- Theatrical release poster
- Directed by: Avi Nesher
- Written by: Avi Nesher
- Produced by: Donald P. Borchers
- Starring: Drew Barrymore George Newbern
- Cinematography: Sven Kirsten
- Edited by: Tatiana S. Riegel
- Music by: Jan A. P. Kaczmarek
- Distributed by: ITC Entertainment Group
- Release dates: January 1993 (Avoriaz); May 26, 1993 (United States);
- Running time: 104 minutes
- Country: United States
- Language: English
- Budget: $3 million

= Doppelganger (1993 film) =

Doppelganger (also known as Doppelganger: The Evil Within) is a 1993 American supernatural horror thriller film written and directed by Avi Nesher, starring Drew Barrymore and George Newbern. The film premiered at the Avoriaz Fantastic Film Festival in January 1993, where it was nominated for the "Grand Prize" award. It was released on VHS on May 26, 1993 in the United States. This was George Maharis' final film before his death in May 2023.

==Plot==
Holly Gooding (Drew Barrymore) moves from New York City to Los Angeles after being implicated in a murder. She is followed by what appears to be her evil twin. While in Los Angeles, she finds a room for rent by a writer named Patrick Highsmith (George Newbern).

Patrick comes to realize something is odd about Holly, but begins to fall for her anyway. He learns that Holly's brother, Fred, is in a psychiatric hospital after killing their father.
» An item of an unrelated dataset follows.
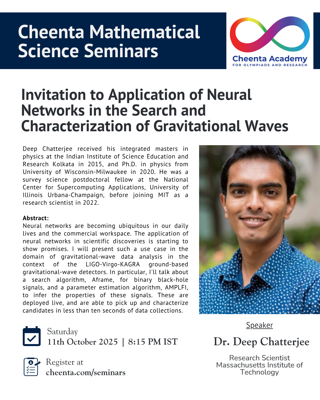 Join Dr. Deep Chatterjee from MIT for a Cheenta Mathematical Science Seminar on the use of neural networks in gravitational-wave research. 11th October 2025 | 8:15 PM IST. Register now at dev.cheenta.com/seminars.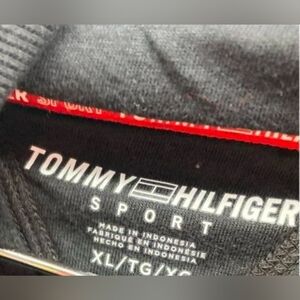 Stylish black sweatshirt with bold Tommy Hilfiger logo. Pair with Tommy Hilfiger sleek black leggings. Perfect for casual wear.

When Patrick finds out that Holly's mother was murdered and she is the prime suspect, he starts doubting her sanity, but has grown attached to her, so he does not involve the police when Fred is attacked and suspicion falls on Holly, deciding to get to the bottom of it himself with the help of his writing partner and ex-girlfriend Elizabeth.

Patrick is attacked by a knife-wielding man who is identical to Holly's supposedly dead father, then trails Holly to her family home. He is ambushed there by Holly's psychiatrist, Dr. Heller, who was the one acting as the doppelgänger, her father, and many other people (via the use of latex masks and costumes) and the source of all of Holly's misfortunes, including the murder of Holly's mother (who was planning to kill Holly for her trust fund) in order to frame Holly for this murder and for additional murders, and plans to marry her so a share of her inheritance will belong to him. Just as Heller is about to kill Patrick, Holly undergoes a bizarre supernatural transformation in which she splits into two partially unformed beings, one of which knocks the other one unconscious and kills Dr. Heller. Just as the creature seems about to kill Patrick, it spares him and remerges with its other half to reform into Holly just before the police and Elizabeth arrive.

Patrick attends Holly's funeral, and after she is laid to rest, he sees her evil doppelgänger, who seductively approaches him before warping into the horrific form that killed Heller. He awakes with a start from the nightmare to reveal that he is actually in the hospital, where he and Holly are recovering. As he falls back asleep, Holly remembers the events she went through before destroying the music box given to her by her abusive father.

==Production==
Avi Nesher wrote Doppelganger as a deliberately smaller scale film after production stalled on a large scale science fiction film called Hammerheads he was to write and direct with the project eventually being cancelled. The film was shot in the San Fernando Valley and Los Angeles with filming taking place between March and April 1992.